- 2016 Health Care Service Group Conference
- 11 December 2015
Conference believes that the way NHS services are commissioned in England has to change.
Conference reiterates its opposition to NHS privatisation and notes that since the Health and Social Care Act 2012 came into force it is far easier for clinical and support services to be sold off, and increasingly even the actual commissioning itself.
Conference is dismayed by the spate of privatisations since the May 2015 general election. These include clinical commissioning groups in Staffordshire effectively passing responsibility for commissioning cancer services to a consortium led by Interserve, and Capita being handed the contract for Primary Care Support services by NHS England.
Conference is particularly alarmed that organisations such as Optum, part of American healthcare company United Health, have been selected to provide commissioning advice and support to CCGs. Conference is concerned about the potential for conflicts of interest these type of deals create and the fact that this only makes the privatisation of clinical services more likely.
Conference notes the confusion created within the wider commissioning support world, where some commissioning support units have been forced to close as a result of not making it onto NHS England’s “lead provider network”, and where CSUs are still threatened with being broken completely away from the public sector.
Conference is alarmed that such decisions endanger the jobs of healthcare staff working on both the commissioning and provision sides of the NHS, and also that the pay, terms and conditions of workers may come under threat where services are transferred out of the public sector.
Moreover, Conference asserts that clinical commissioning groups are in danger of becoming merely the local agents of the government’s cuts agenda, responsible for little more than skimming funding from local services.
Conference in no way blames those staff working at CCGs, but notes the differences from the era of primary care trusts where the local NHS at least had the ability to plan strategically and where commissioning meant more than just tendering processes and rationing.
At a time when the big concerns within the English NHS have become focused on the new care models of the Five Year Forward View and on the devolution agenda, Conference believes that the current commissioning system is not fit for purpose.
Similarly, Conference notes that the maintenance of the purchaser-provider split that has driven the development of the NHS market in the 21st century has become increasingly inappropriate and may actually be undermined by other NHS England initiatives, such as acute care collaborations.
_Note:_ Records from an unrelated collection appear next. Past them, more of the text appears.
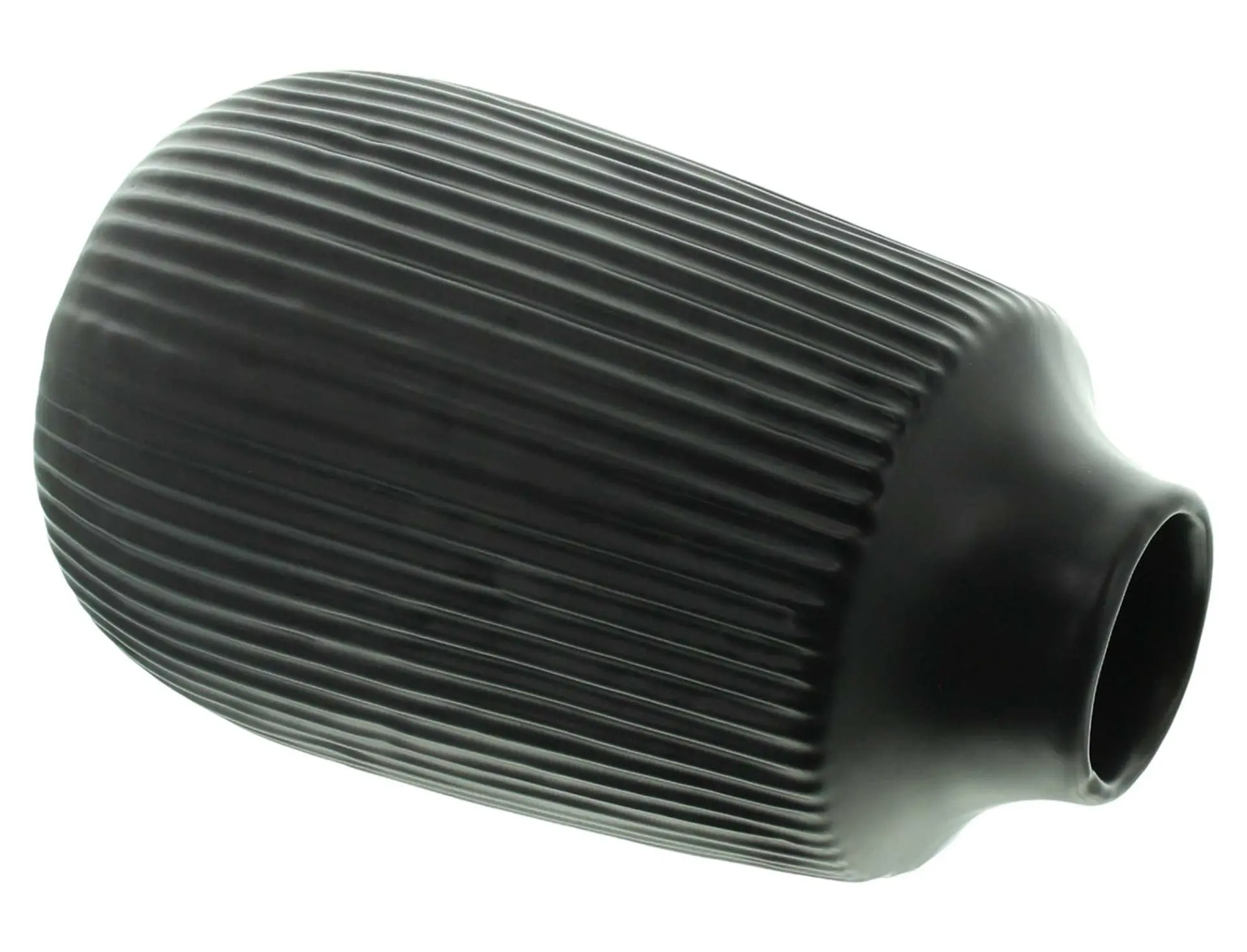 Entdecken Sie die Dekovase "Black" – ein wahres Meisterwerk aus Porzellan! In elegantem mattschwarz gehalten, verleiht sie jedem Raum einen Hauch von Stil und Raffinesse. Die besondere Rillenstruktur sorgt nicht nur für einen visuellen Blickfang, sondern auch für eine angenehme Haptik. Ob als Highlight auf dem Tisch oder als stilvolle Ergänzung im Regal – diese Vase ist vielseitig einsetzbar und zieht alle Blicke auf sich.Porzellan, mattschwarz, Rillenstruktur
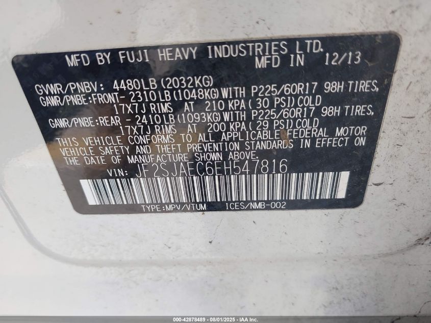 Цвет БелыйЦилиндры 4Привод Полный приводVIN JF2SJAEC6EH******Состояние НеизвестноПовреждения Передняя или задняяДата аукциона 2025-09-02
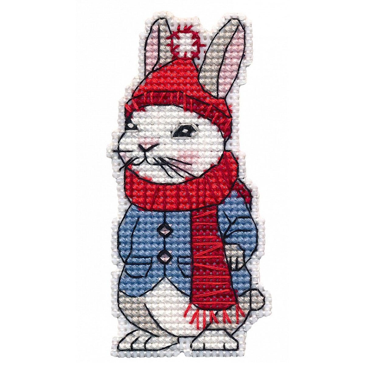 Набор для вышивания нитками Овен, магнит на пластиковой канве Заяц 4.5х9.5 см
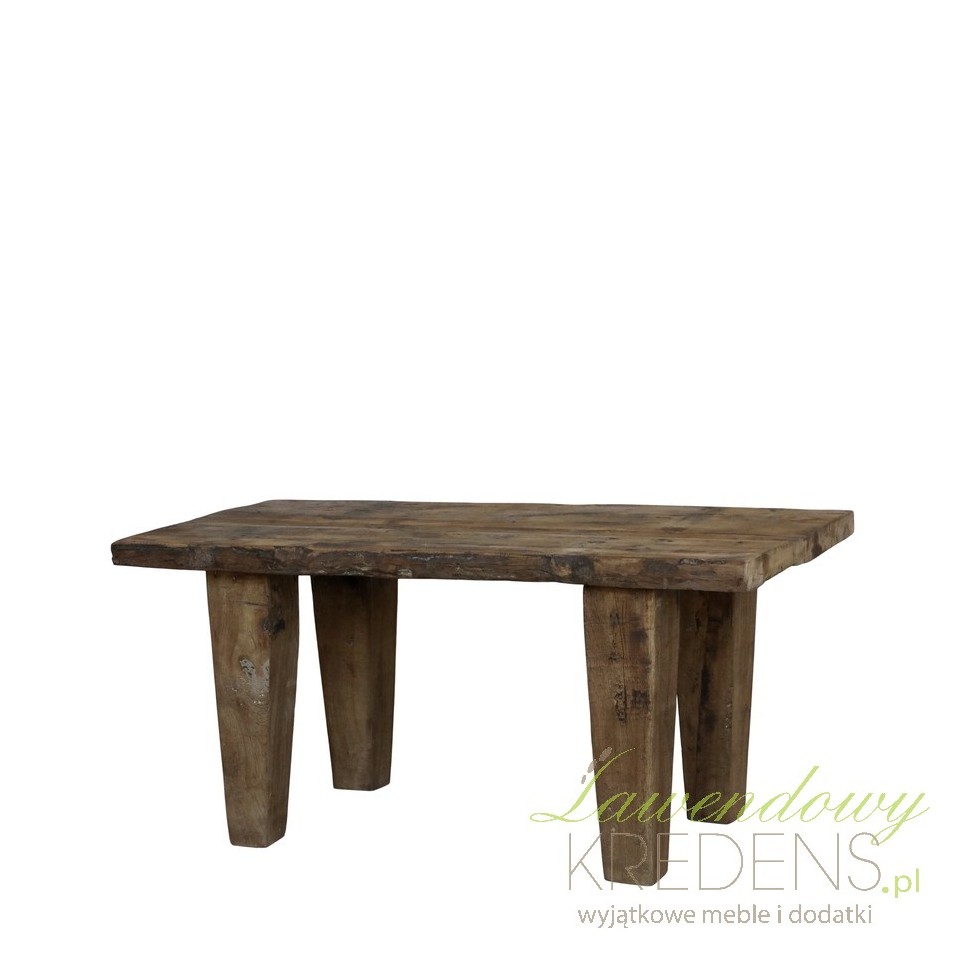 Ten prostokątny stolik o wymiarach 90 cm szerokości, 45 cm głębokości i 40 cm wysokości został stworzony z myślą o wnętrzach, które cenią autentyczność, spokój i ponadczasowy design. Wykonany z drewna pochodzącego z odzysku, nosi ślady swojego poprzedniego życia – widoczne słoje, drobne nierówności, naturalne przebarwienia i sęki opowiadają historię, której nie sposób powielić. Każdy egzemplarz różni się delikatnie od pozostałych, co czyni go jedynym w swoim rodzaju meblem – tak jak wnętrze, w którym się znajdzie.
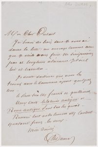 Alexandre Dumas (père). 1802-1870. Ecrivain. L.A.S. à son cher Dutart. S.l.n.d. 1 pp. in-8. Dumas presse son libraire de lui trouver les livres qu’il a demandés pour l’aider à écrire son prochain roman ; (...) Un ouvrage comme celui que je...
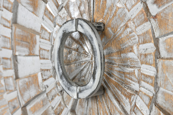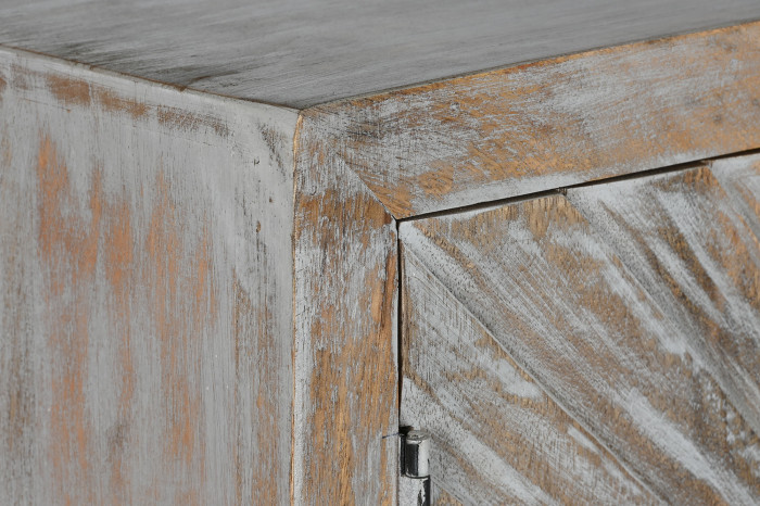Credenza in vero legno, Unica ed originale nel suo genere con ante lavorate interamente a mano. Colore decapato bianco.
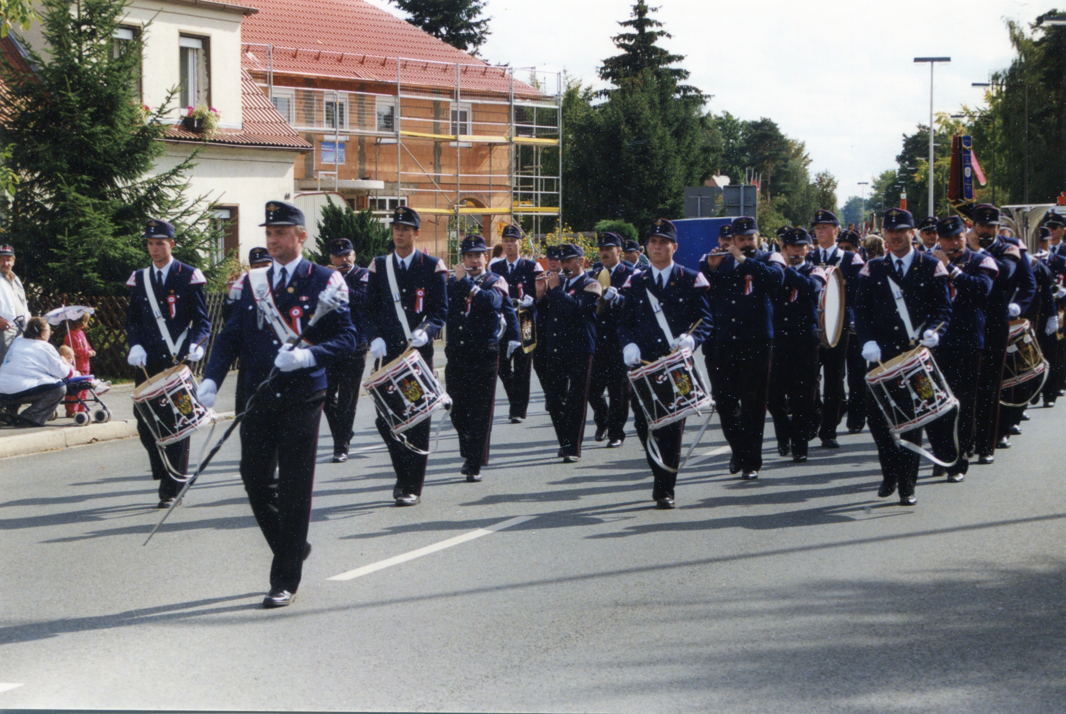 | Beschreibung | 125jähriges Gründungsfest der FFW Stadeln. Festzug in der Stadelner Hauptstraße mit Spielmannzug des Patenvereins der FFW Überlingen am Bodensee, 27. September 1998. Im Hintergrund Neubau vom künftigen Restaurant Alexander der Große. | ||

Instead of the obsession with localised market-making that the Lansley overhaul aimed to foster, Conference believes that the time has come to rebuild a better integrated, better planned national system in which the NHS can more easily make those strategic decisions to improve services.
Conference therefore calls upon the Health SGE to work with other parts of the union to:
1)continue to oppose NHS privatisation in all its forms;
2)work to protect the jobs, pay, terms and conditions of staff working on both the commissioning and provision sides of the NHS; and
3)argue for a more progressive system for the English NHS based on strategic national planning rather than local marketeering.